▸ **YOUR ASSIGNMENT**: Leave out every picture and set down, exactly, the lines below from the one holding "第四十赛季排位珍宝也为玩家们" up to and including the one holding "The Mr. P’s".

▸ **GIVEN RECORDS**:
******************************

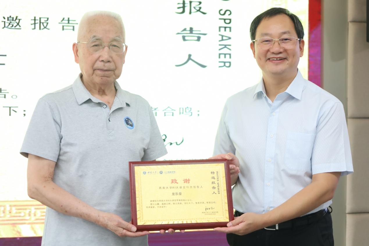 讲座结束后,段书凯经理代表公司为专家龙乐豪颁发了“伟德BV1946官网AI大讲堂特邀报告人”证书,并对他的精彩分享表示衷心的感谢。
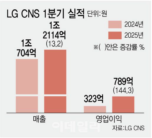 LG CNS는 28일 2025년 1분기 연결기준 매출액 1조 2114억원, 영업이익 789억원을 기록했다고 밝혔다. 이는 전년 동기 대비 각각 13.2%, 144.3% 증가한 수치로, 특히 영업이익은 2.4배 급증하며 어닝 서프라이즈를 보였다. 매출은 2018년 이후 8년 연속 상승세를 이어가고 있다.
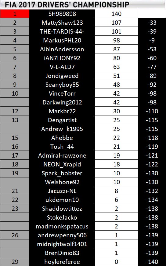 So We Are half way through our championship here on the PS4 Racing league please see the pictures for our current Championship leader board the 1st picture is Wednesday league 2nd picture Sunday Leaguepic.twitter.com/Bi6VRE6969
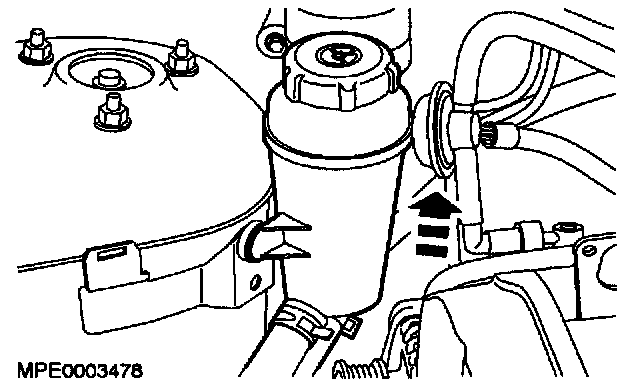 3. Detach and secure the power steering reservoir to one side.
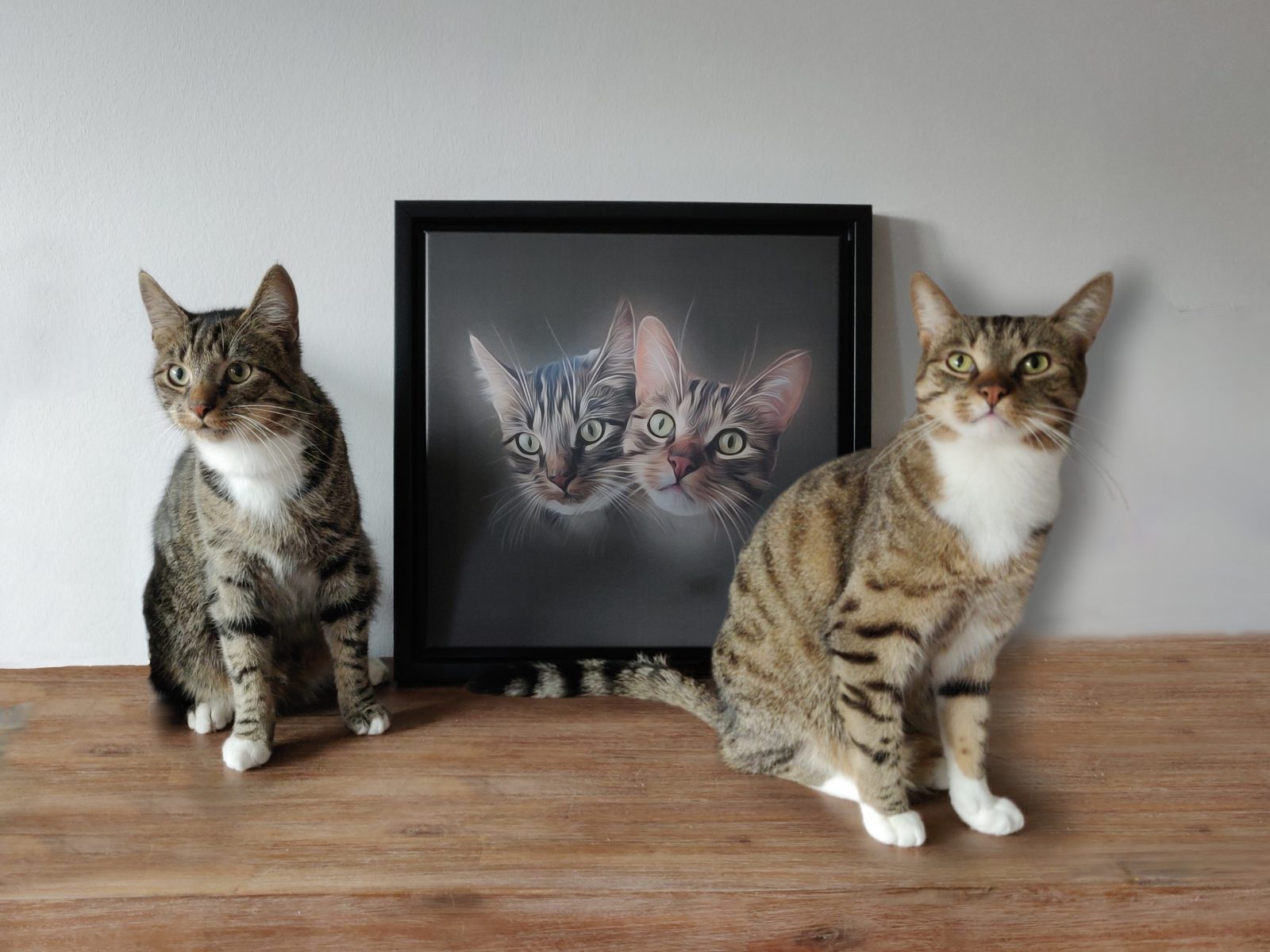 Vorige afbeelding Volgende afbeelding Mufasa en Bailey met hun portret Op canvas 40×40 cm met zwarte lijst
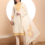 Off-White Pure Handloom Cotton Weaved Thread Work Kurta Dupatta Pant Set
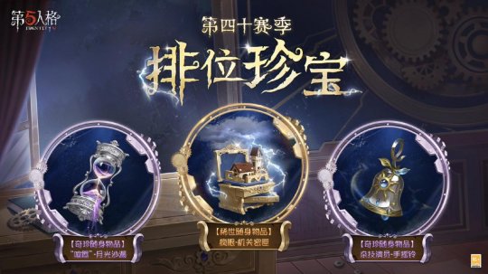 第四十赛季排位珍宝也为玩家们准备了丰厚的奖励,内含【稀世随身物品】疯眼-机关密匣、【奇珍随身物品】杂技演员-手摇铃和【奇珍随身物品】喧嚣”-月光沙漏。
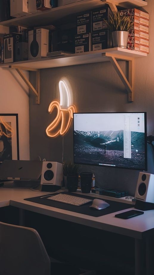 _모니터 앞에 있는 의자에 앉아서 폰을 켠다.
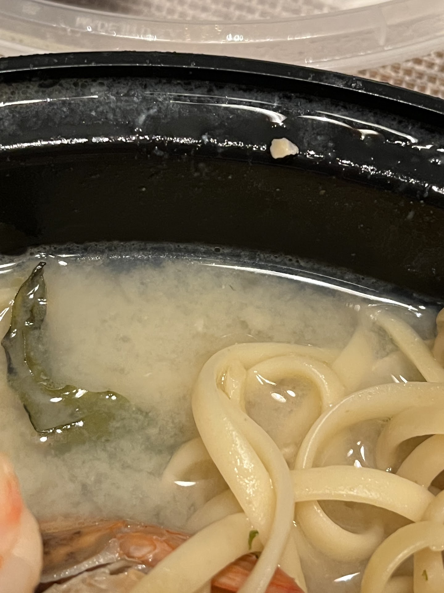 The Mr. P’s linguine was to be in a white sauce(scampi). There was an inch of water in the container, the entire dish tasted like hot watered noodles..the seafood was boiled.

******************************

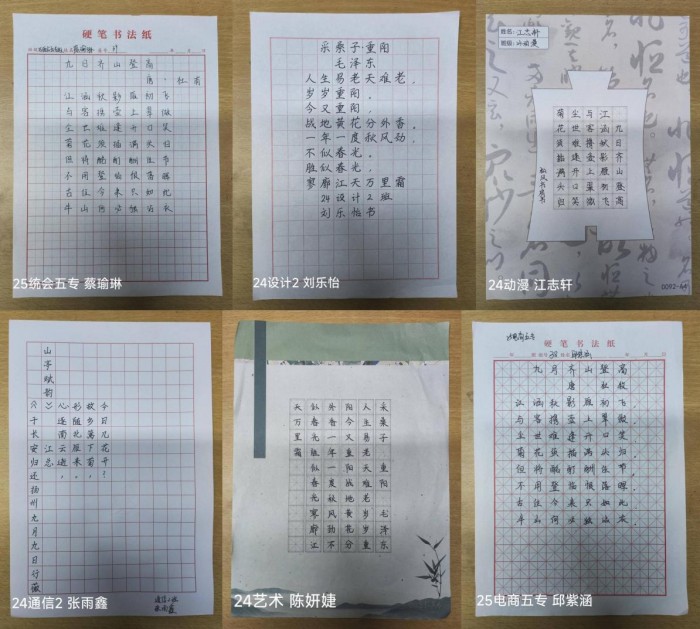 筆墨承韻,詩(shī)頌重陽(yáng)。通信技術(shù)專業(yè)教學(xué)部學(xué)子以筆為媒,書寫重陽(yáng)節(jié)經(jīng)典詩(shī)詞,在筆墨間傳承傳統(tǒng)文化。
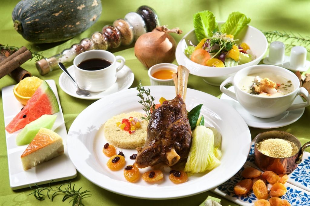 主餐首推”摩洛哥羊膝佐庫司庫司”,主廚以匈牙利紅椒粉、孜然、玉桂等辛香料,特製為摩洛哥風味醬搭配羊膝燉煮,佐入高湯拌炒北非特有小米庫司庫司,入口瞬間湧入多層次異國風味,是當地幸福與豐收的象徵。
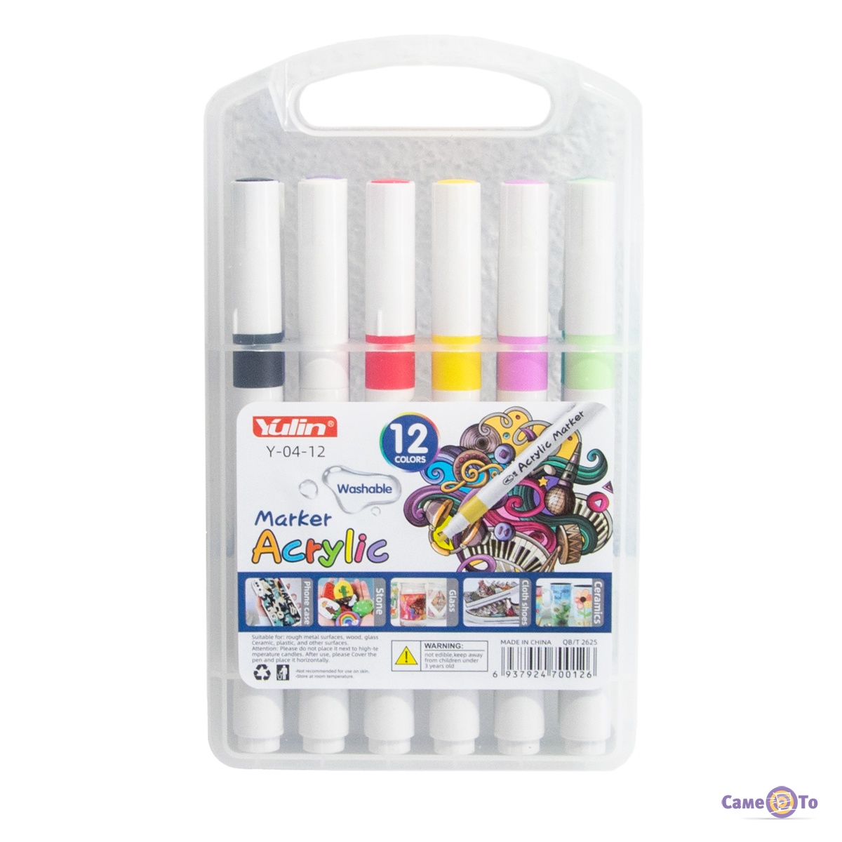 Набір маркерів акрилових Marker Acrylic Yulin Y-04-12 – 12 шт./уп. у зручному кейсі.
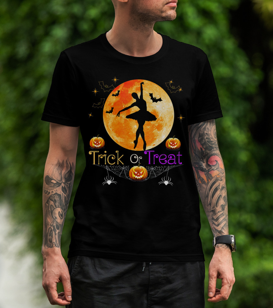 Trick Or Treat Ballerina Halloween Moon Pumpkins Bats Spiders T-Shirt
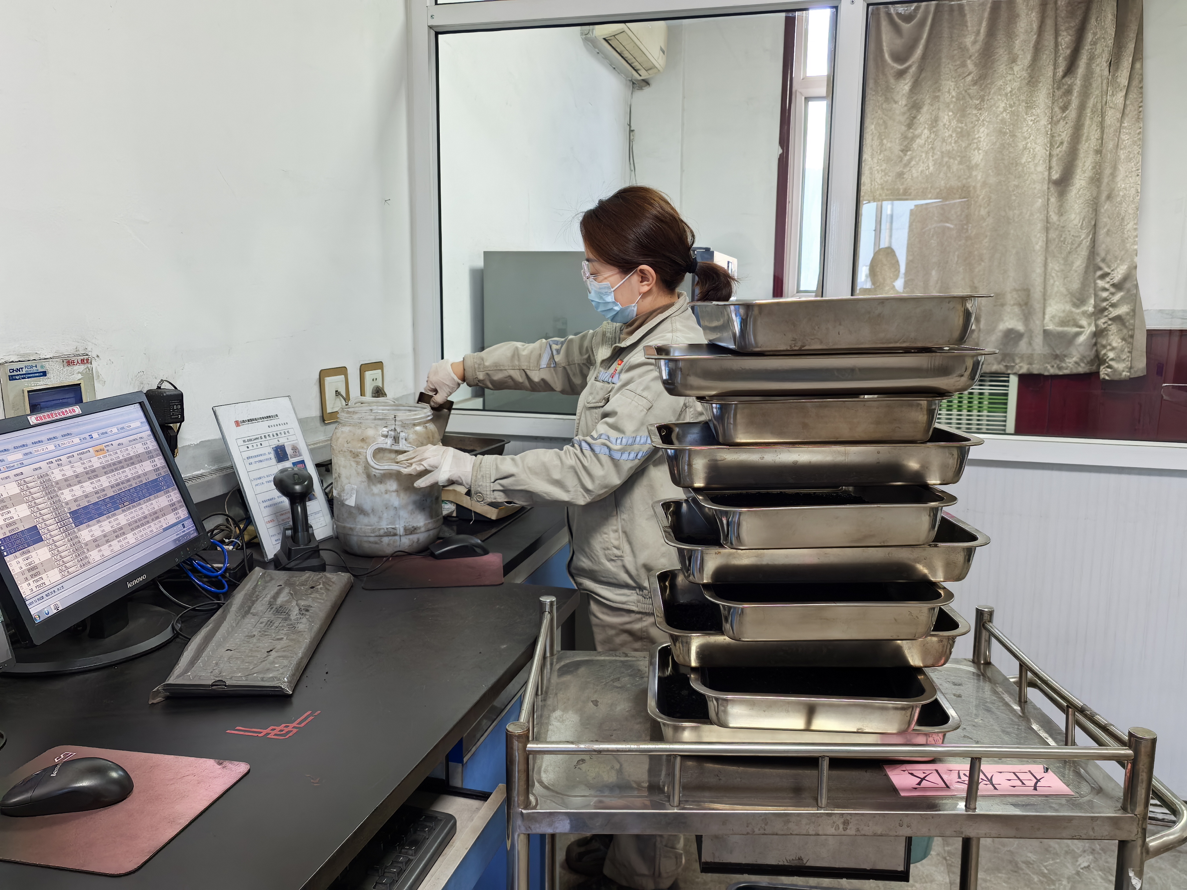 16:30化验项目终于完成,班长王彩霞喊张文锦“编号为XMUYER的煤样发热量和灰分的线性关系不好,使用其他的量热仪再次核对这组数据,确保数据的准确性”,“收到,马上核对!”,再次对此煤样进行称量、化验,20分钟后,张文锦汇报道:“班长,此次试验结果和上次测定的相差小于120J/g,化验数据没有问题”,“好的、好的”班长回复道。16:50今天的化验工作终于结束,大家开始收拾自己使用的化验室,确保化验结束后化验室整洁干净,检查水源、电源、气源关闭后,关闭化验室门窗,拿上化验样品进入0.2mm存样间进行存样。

******************************

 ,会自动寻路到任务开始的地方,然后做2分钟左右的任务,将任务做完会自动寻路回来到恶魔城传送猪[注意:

******************************

▸ **PROBLEM SOLUTION**:
 第四十赛季排位珍宝也为玩家们准备了丰厚的奖励,内含【稀世随身物品】疯眼-机关密匣、【奇珍随身物品】杂技演员-手摇铃和【奇珍随身物品】喧嚣”-月光沙漏。
 _모니터 앞에 있는 의자에 앉아서 폰을 켠다.
 The Mr. P’s linguine was to be in a white sauce(scampi). There was an inch of water in the container, the entire dish tasted like hot watered noodles..the seafood was boiled.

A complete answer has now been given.